§ **YOUR TASK**
Your answer must be the line containing "Wine Color Smart Khadi Raw Silk Saree..." and each following line to the end of the listing below, copied exactly, with pictures removed and nothing added.

§ **THE RECORDS**
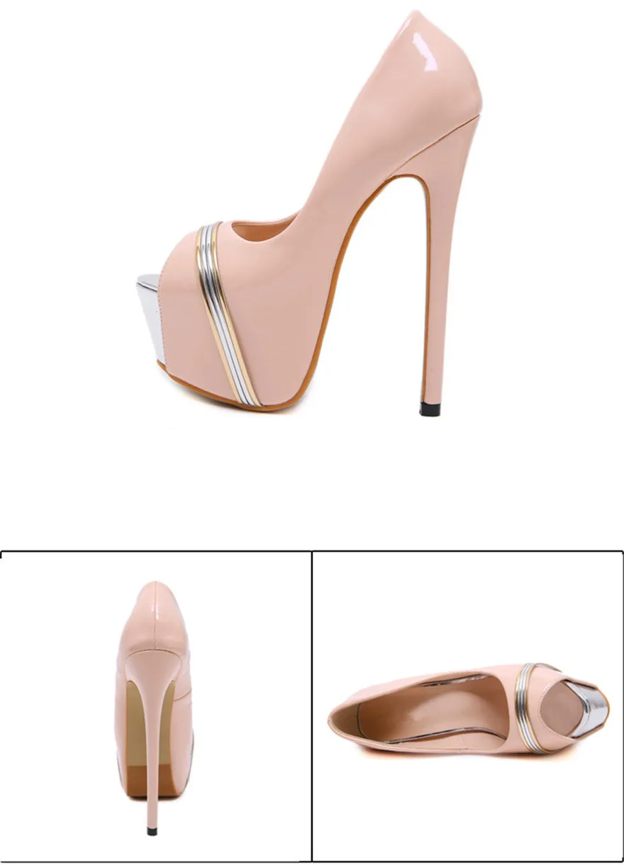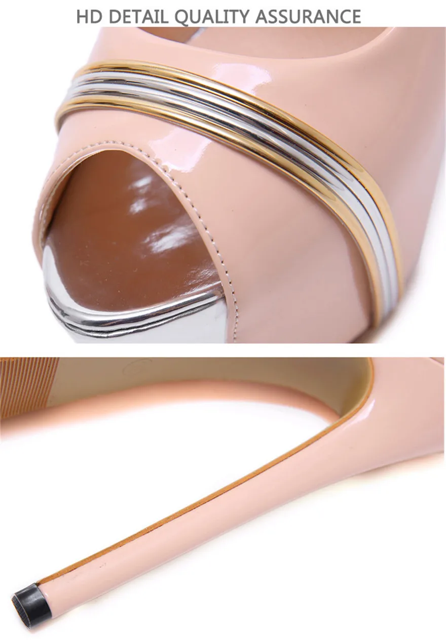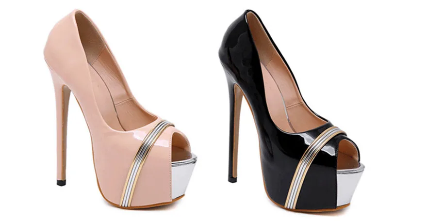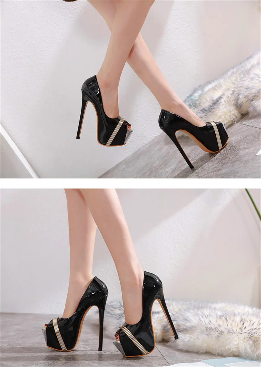 Victoria’s Vogue Women Sexy 16cm Super High Heels Shoes 2021 Spring Party Peep Toe Patent Leather Pumps Platform Sweet Woman Stiletto Dress Shoes
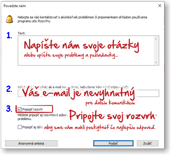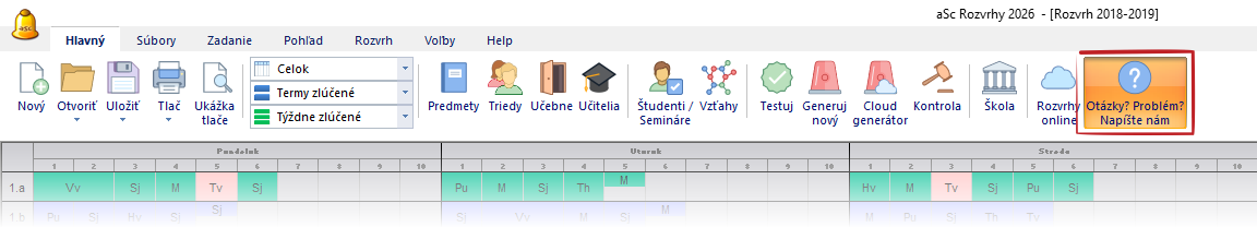 V prípade, že máte nejaké otázky alebo potrebujete pomoc s rozvrhom, na ktorom práve pracujete, môžete nám napísať priamo zo softvéru ASC Rozvrhy. Či už v offline verzii alebo aj v online rozvrhoch stačí ak jednoducho kliknite na modrú ikonu s otáznikom
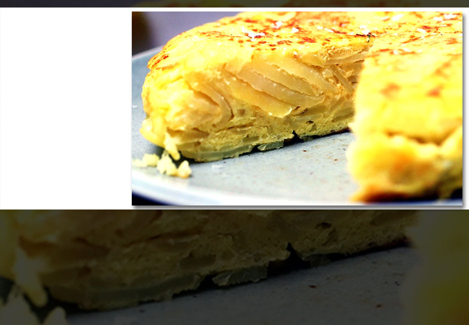 Corte as batatas em fatias de aproximadamente 3mm e tempere-as com sal e pimenta-do-reino. Coloque em uma frigideira antiaderente grande 150 ml de azeite de oliva ou o que baste para cobrir as batatas. Aqueça bem, acrescente as cebolas até ficarem transparentes, reserve. No mesmo azeite, acrescente as fatias de batata e cozinhe em fogo baixo virando regularmente com uma espátula, por cerca de 30 minutos ou até que estejam quebradiças. Escorra as batatas e elimine o óleo que restou na frigideira. Quebre os ovos em uma tigela e tempere levemente com sal e pimenta-do-reino, acrescente as batatas confitadas e a cebola. Aqueça novamente a frigideira e acrescente o azeite restante. Despeje a mistura de batatas e ovos e abaixe o fogo ao mínimo. Coloque uma tampa na frigideira e doure a fritada de um lado. Deslize a fritada em um prato grande, segure-o em uma mão e com a outra mão coloque a frigideira sobre a fritada, como se fosse uma tampa. Vire os dois juntos para que o lado cru fique em baixo da frigideira. Leve ao fogo novamente e doure. Retire da frigideira e deixe esfriar levemente antes de servir.
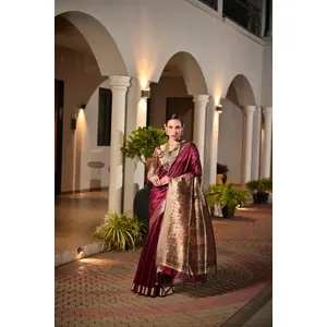 Wine Color Smart Khadi Raw Silk Saree...
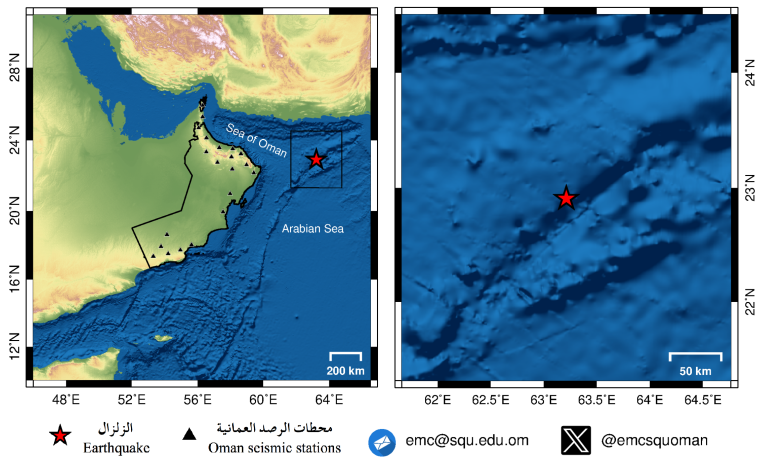 سجل مركز رصد الزلازل هزة ارضية في بحر العرب بقوة 3.8 على مقياس ريختر في تمام الساعة 7:40 صباحا. ويبعد مركز هذا الزلزال حوالي 379 كم عن مدينة صور.

§ **TASK ANSWER**
 Wine Color Smart Khadi Raw Silk Saree...
 سجل مركز رصد الزلازل هزة ارضية في بحر العرب بقوة 3.8 على مقياس ريختر في تمام الساعة 7:40 صباحا. ويبعد مركز هذا الزلزال حوالي 379 كم عن مدينة صور.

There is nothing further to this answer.